DATA TO EXAMINE:
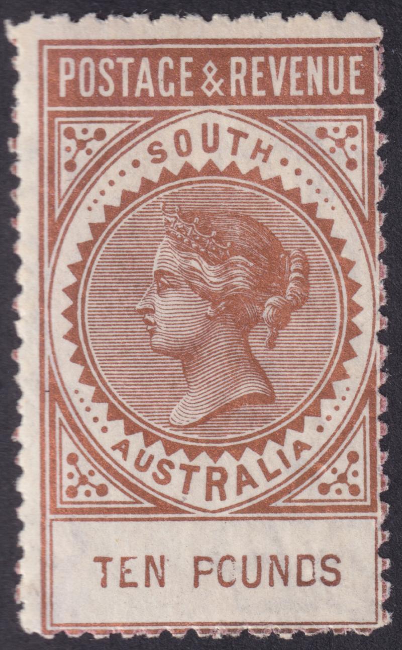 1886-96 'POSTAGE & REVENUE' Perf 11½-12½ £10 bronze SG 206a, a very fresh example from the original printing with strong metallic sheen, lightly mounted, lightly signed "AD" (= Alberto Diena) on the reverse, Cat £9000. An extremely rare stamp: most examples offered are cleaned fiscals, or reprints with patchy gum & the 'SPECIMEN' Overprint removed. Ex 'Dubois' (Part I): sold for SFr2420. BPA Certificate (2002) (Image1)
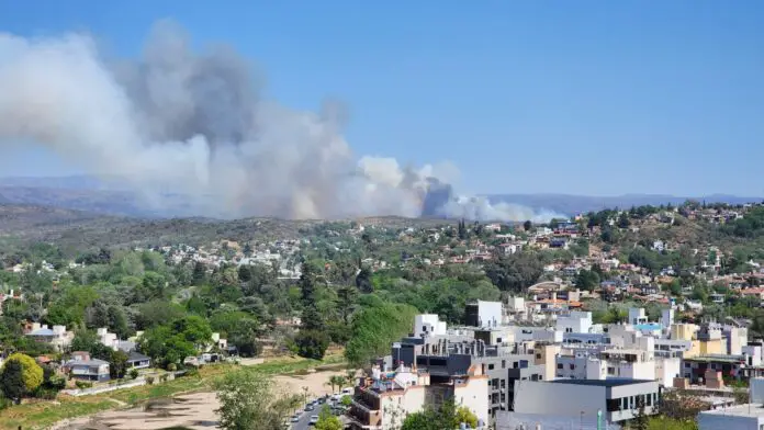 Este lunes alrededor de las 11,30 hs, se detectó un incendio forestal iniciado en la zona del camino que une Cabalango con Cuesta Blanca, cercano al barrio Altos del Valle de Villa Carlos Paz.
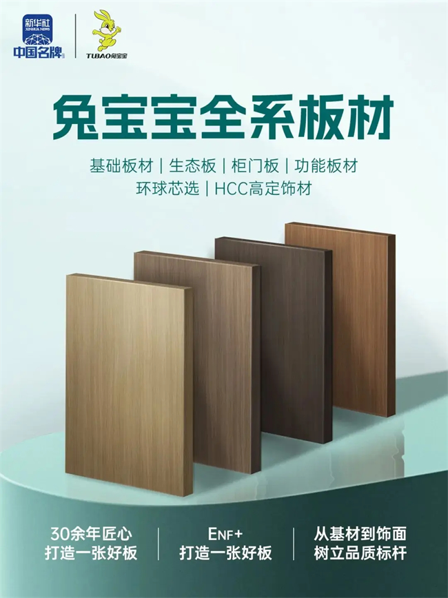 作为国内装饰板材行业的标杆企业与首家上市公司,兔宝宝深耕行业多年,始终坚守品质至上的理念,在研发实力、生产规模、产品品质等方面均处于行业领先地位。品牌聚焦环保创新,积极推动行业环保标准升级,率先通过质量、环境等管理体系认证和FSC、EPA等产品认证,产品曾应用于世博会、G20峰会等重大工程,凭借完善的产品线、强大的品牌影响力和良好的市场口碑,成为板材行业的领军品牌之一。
==
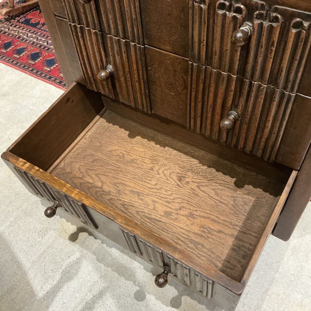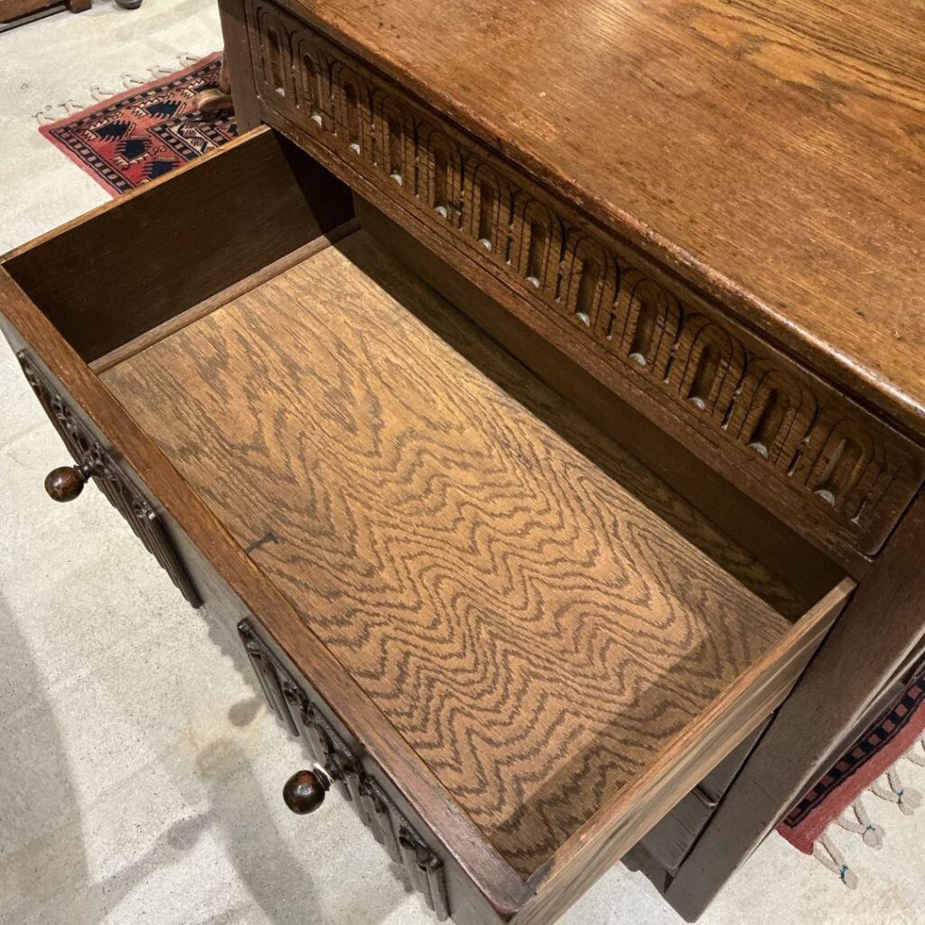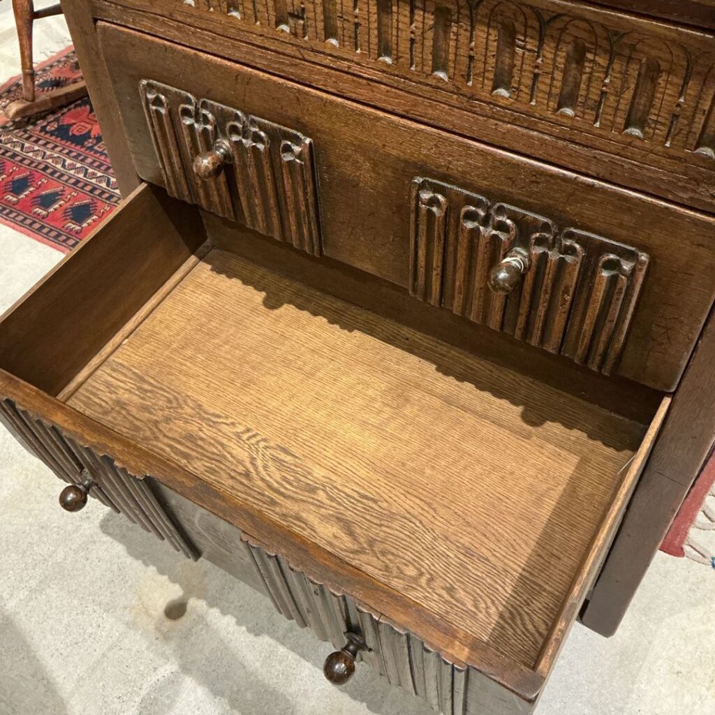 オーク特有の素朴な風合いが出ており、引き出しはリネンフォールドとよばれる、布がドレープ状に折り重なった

WHAT THE EXERCISE ASKS: The answer must be the lines above from the one containing "1886-96 'POSTAGE &" through the one containing "Este lunes alrededor", reproduced exactly, with no pictures and nothing else.

OUTPUT:
 1886-96 'POSTAGE & REVENUE' Perf 11½-12½ £10 bronze SG 206a, a very fresh example from the original printing with strong metallic sheen, lightly mounted, lightly signed "AD" (= Alberto Diena) on the reverse, Cat £9000. An extremely rare stamp: most examples offered are cleaned fiscals, or reprints with patchy gum & the 'SPECIMEN' Overprint removed. Ex 'Dubois' (Part I): sold for SFr2420. BPA Certificate (2002) (Image1)
 Este lunes alrededor de las 11,30 hs, se detectó un incendio forestal iniciado en la zona del camino que une Cabalango con Cuesta Blanca, cercano al barrio Altos del Valle de Villa Carlos Paz.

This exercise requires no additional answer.